Weaker-than-forecast figures on US private jobs growth and services industry activities limited the selling in Treasuries.
“The market is looking for direction right now. People are waiting for the next shoe to drop,” said Larry Milstein, head of government and agency trading at R.W. Pressprich & Co in New
At 10:42 a.m. (1442 GMT), the yields on benchmark 10-year Treasury notes were 2.5062%, up 0.03 percentage point from Tuesday. They hit a 1-1/2 week peak of 2.524% earlier Wednesday.
Their premium over three-month bill rates grew to 8 basis points from more than 4 basis points late on Tuesday.
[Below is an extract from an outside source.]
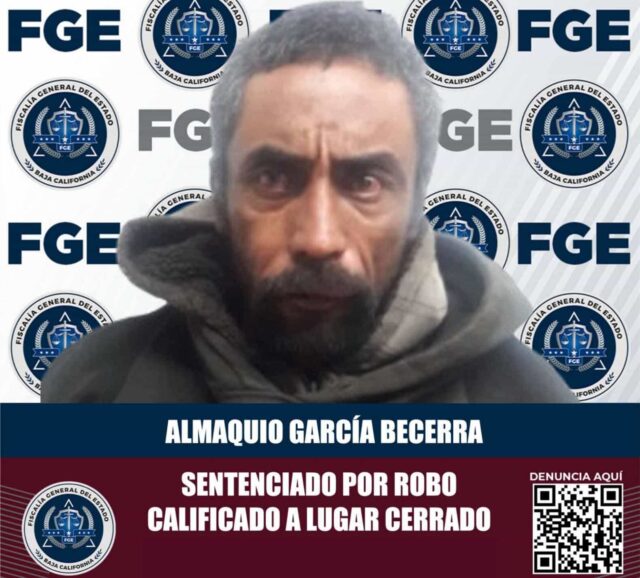San Quintín.- Al avanzar la investigación, la Fiscalía Regional de San Quintín logró una sentencia condenatoria de 3 años y 8 meses de prisión contra Almaquio García Becerra, por el delito de robo calificado a lugar cerrado.

Last Thursday, 10-year yields fell below three-month rates for the first time since 2007, stoking fears of a recession. This inversion between the two yields preceded every economic downturn in the past 50 years.
For now, those fears were replaced by traders’ optimism for a successful outcome in the latest round of trade talks between senior White House and Beijing officials.
A possible end to the trade fight between the world’s two biggest economies will likely bolster stock prices and put more upward pressure on bond yields, traders and analysts said.
“If they could cut a deal, that would be positive for risky assets,” Milstein said.
A meeting between UK Prime Minister Theresa May and opposition leader Jeremy Corbyn fed hopes for a breakthrough to reach a parliamentary approval of a deal for an orderly exit for Britain from the European Union.
In addition to those developments, upbeat overseas data lifted investor sentiment.
The Caixin/Markit services purchasing managers’ index (PMI) rose to 54.4, the highest since January 2018.
Euro zone retail sales increased 0.4 percent in February, more than the 0.2 percent gain forecast among analysts polled by Reuters.
Wednesday’s data on the US economy, however, were dour by comparison.
The Institute for Supply Management said its index on activity among US services industries fell to a 1-1/2 year low in March, while ADP reported the private sector added 129,000 workers last month, the fewest since September 2017.